Gasoline and Comics

Gasoline here in Michigan is about ready to break through the $4.00 per gallon level. To fill my Hyundai Santa Fe would start to impact my budget and begin forcing me to decide whether I want to buy food or not. I am not like any of the other people who live here who are natives, Michiganders would pay for the “pleasure” of driving their vehicles even if gas was at $10 a gallon. My New York sensibilities have already kicked in. Nobody in this state has “carpool” in their vocabulary so I’ve elected to not even bring up the concept to them and instead just take the bus.

And so I have, and this week is the model for how the rest of my weeks will be structured. On Mondays, Tuesdays, Thursdays and Fridays I get up at 6:15, out the door by 6:45, to catch the East Main Bus, all in all I would estimate that it’s one mile per trip, so effectively two miles walked per day. I get to work at 7:20, and then I’m pretty much stuck at work the whole day long. I have to leave by 4:45 to catch the return bus, and if I miss that, I have to wait until 5:45.

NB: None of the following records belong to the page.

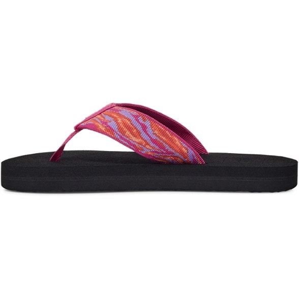 Foot-forming comfort defines this generation of the Teva Mush flip-flops. The straps feature a kaleidoscope of designs. Recycled polyester webbing stands up to abuse.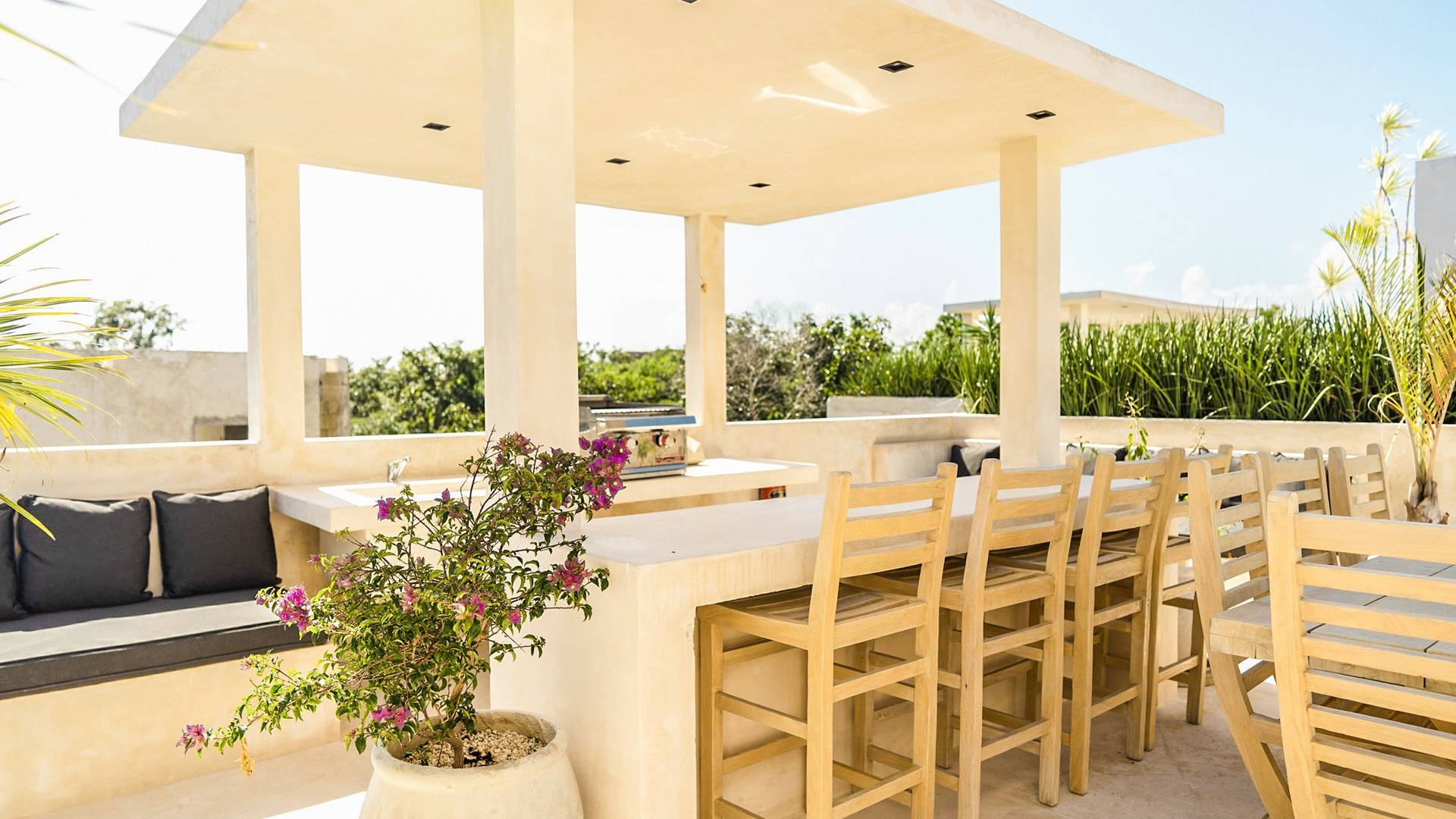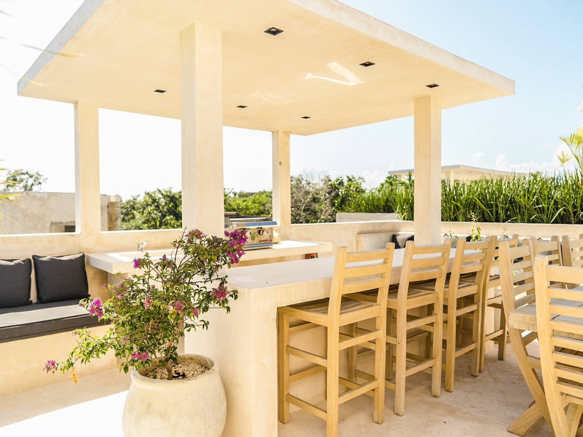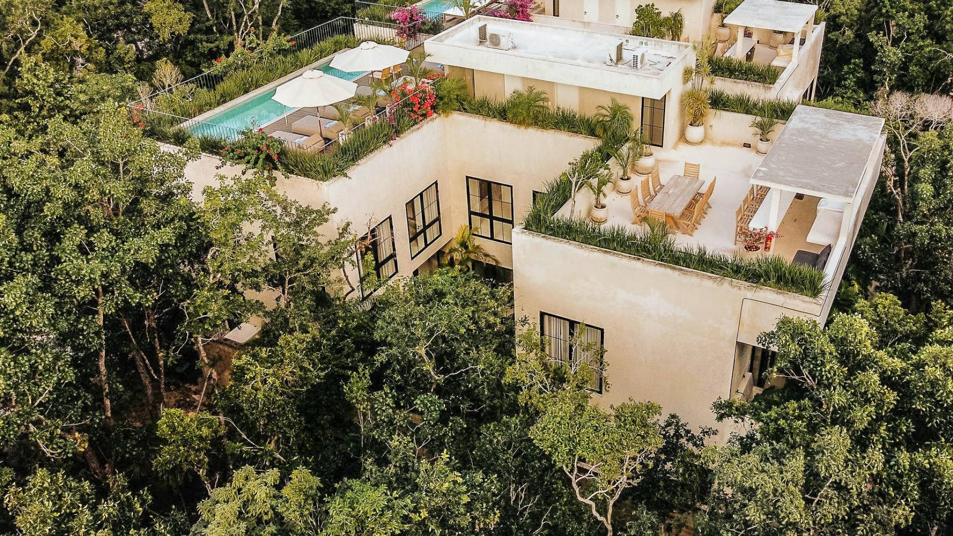 В каждой вилле есть полностью оборудованная кухня в стиле шеф-повара и большой остров с видом на столовую, а спокойная атмосфера гостиной сочетается с внутренним двором, расположенным в центре резиденции. На втором этаже каждой виллы вы найдете четыре спальни с превосходно оборудованными ванными комнатами. Почувствуйте себя как дома в сказочном частном саду с бассейном и грилем на крыше, откуда открывается захватывающий вид на великолепные божественные джунгли Ривьеры Майя.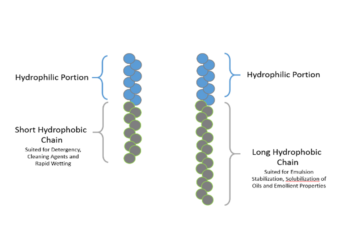 與相同摩爾乙氧基化的較長(zhǎng)烷基鏈(+ C14)表面活性劑相比,這些較短的C9-C11烷基鏈?zhǔn)惯@些醇乙氧基化物通常以增加的速率潤(rùn)濕受污染的表面。這種增加的潤(rùn)濕速率是表面活性劑疏水鏈尺寸的直接結(jié)果,因?yàn)檩^小的烷基鏈傾向于比較大的烷基鏈在溶液中擴(kuò)散得更快。 這些類(lèi)型的醇乙氧基化物的擴(kuò)散會(huì)迅速將表面活性劑帶入水和給定基材(空氣,棉花,灰塵等)的界面)。C9-C11非離子表面活性劑的這種快速擴(kuò)散導(dǎo)致潤(rùn)濕速率的增加,從而導(dǎo)致醇乙氧基化物的滲透性極強(qiáng),可以穿透臟污的表面(即清潔浴室地面),因此通常用作洗滌劑、脫脂劑和清潔劑。將C9-C11醇乙氧基化物摻入清潔產(chǎn)品中可為消費(fèi)者提供一種產(chǎn)品,該產(chǎn)品能夠更快、更有效地清潔臟污的表面,而不會(huì)在新清潔的表面上留下油性殘留物。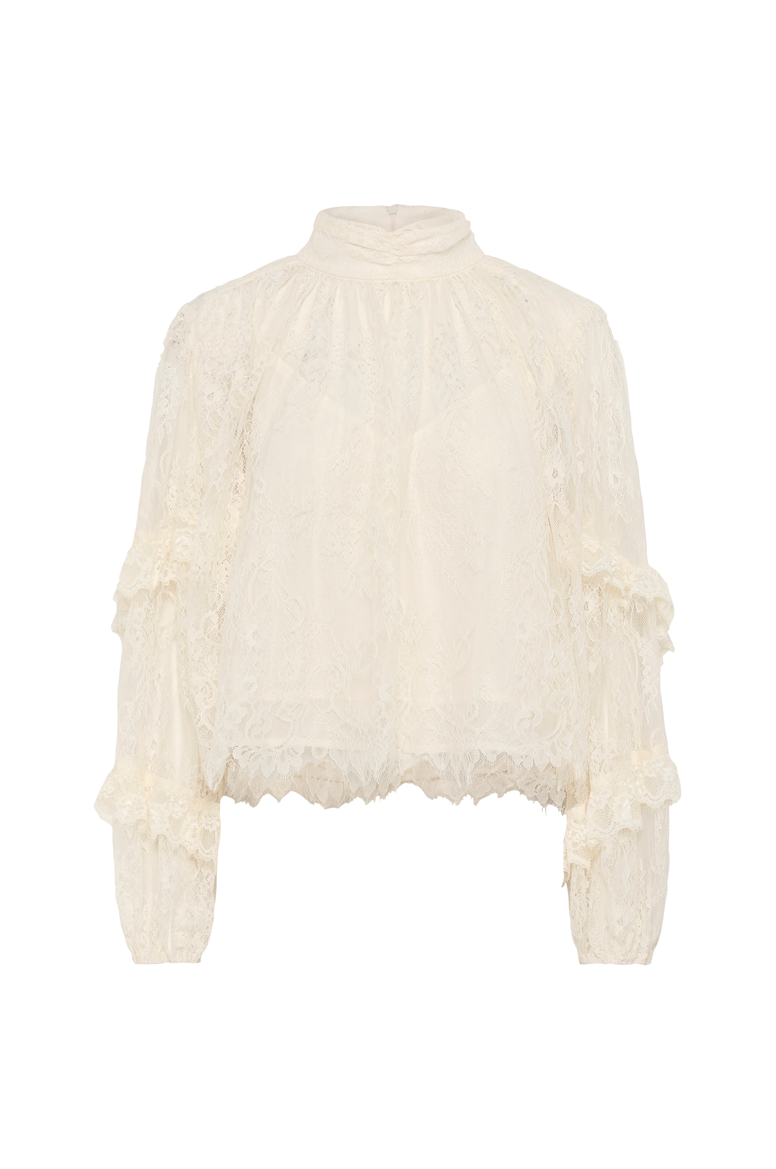 • Foret bluse i blonde• Høj halsudskæring med lynlås• Lange ærmer med volanter og elastik ved manchetterne• Frynset kant nederst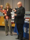 was re-elected to the Council with 7,913 votes. He also thanked his supporters, including his brother, whom he gave a Council pin to.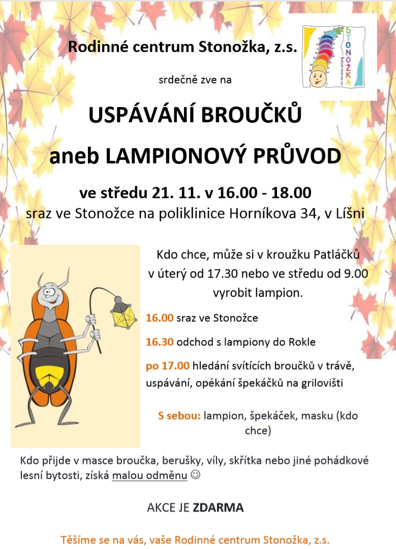 V měsíci listopadu a na začátku prosince budeme pořádat Tvořivé dílničky pro dědy a babičky (výroba misek z LP desek, vánoční dekorace), Cestovatelský čtvrtek - Banát, Uspávání broučků, Výrobu adventního věnce, Mikulášské disco, Vánoční besídku...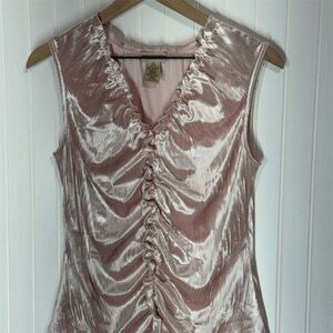 Apostrophe Stretch top | Ruched velvet tank | Y2K glam aesthetic | Blush pink shirt | Coquette style | Soft girl vibe | Vintage 2000s top | Sleeveless v-neck blouse | Medium size (10–12) | Made in Northern Mariana Islands | 90s/00s throwback | Shiny crushed velvet | Polyester spandex blend

Wednesdays are my favorite days now. It’s on Wednesday that I take my car to work. Wednesday is Comics Lunch Day. I pick up Scott, we go to the comic book store and get our weekly comic books and then we find someplace cheap to have lunch. I then get back to work, and can take a more comfortable and leisurely path home whenever I like.

But for the most part I don’t regard driving a vehicle as a pleasure. It’s a horror, a terror, a harrowing trip through a nightmare hellscape populated by people who shouldn’t be allowed to use a vehicle at all. All manner of human trash is on the roads these days, morons, pinheads, dopes, dorks, losers, meth-heads, pot-heads, and the rest… “If god wanted for them to drive, he would have given them XXXXX” What is the XXXXX? It all depends on which racial, gender, or national gripe you’re fond of. And they are out there. In this state it’s a uniquely unpleasant experience, driving with these “people”. Nobody in Michigan has a single clue what a directional signal is for, they simply could not be bothered and the police can’t be bothered with enforcing any laws beyond running their speed-traps. The best way to jail a Michigander is to put them in their vehicle and arrange for 4 cars to approach a 4-stop intersection all at the same time. They would starve to death before any of them moved. I’ve never witnessed such overwhelming mind-lock in my life. They’d likely start gnawing on their tastefully appointed leather seats, whine, wet on the carpet and dry wash their hands in frustration. Eventually you’d see 4 bone-white skeletons sitting behind the wheel, the cars rusted solid and the gas tanks empty. As a native New Yorker it’s my right and pleasure to plow through all these mind-locked yoyos, even if it isn’t my turn. They won’t move, so screw ’em, I will.

And that’s why I don’t drive. It just makes me angry. It makes me angry and well, terrified for my life. So if something is dangerous, terrifying, *and* expensive then giving it up is comically obvious.

I have to admit that taking the bus is like it is in any nowhere midwest town. There are train tracks that divide this place and it colors the entire experience. You have sides of the track, and you can plug any harsh stereotypical reality into that division. Good, Bad; Rich, Poor; White, Black; Safe, Dangerous. Every city has something like this, a good place and a bad place, but it’s where the railroad exists that you see “The Wrong Side Of The Tracks” is so starkly apparent. Whats the most comedic of all is how lame and insignificant the railroad has been allowed to droop. It used to be the preferred way to get from one city to another, but now you have to pay top-dollar to sit in a seat soaked with urine and arrive, if your lucky, on the same calendar day you left even if you only need to go 150 miles away. But that’s another rant, the train tracks color the people and the people color the bus system. Who takes the bus? The poor, the workers, the minimum wage victims, and thanks to WMU’s deal with the bus system, students and employees, Hiya! You wouldn’t see any of the high and mighty, the good and great of this town even get on a bus. I don’t even think they perceive buses. It’s pretty clear that they don’t perceive people like me, the middle-class, the “little people”. That’s actually quite a pleasant thing and lucky for us “little people” because we don’t have to be bothered by their obnoxious overhousing problems, their sexual perversions and their raging alcoholism. They get in their obnoxiously priced gas-guzzling vehicles and disappear into their gated-communities-without-gates (sometimes they have gates!) and leave the rest of us in peace to imagine a world where they don’t exist. Because they wouldn’t be caught dead with the rabble, it’s as easy as falling off a log.

So really my most convenient and pleasant day is fundamentally bound up with comic books. In a way Diamond Publishing determines my weekly calendar, even if it is only very subtly.

I don’t expect to run into anyone I recognize using the bus system here. They are all monomaniacally obsessed with their vehicles and I seriously doubt anything will ever dissuade that. Perhaps someday when all the oil is up out of the ground and we’ve burned it all, and there isn’t any way to make these boxes of metal move, then people will be up against the wall. That will be a very interesting day, indeed.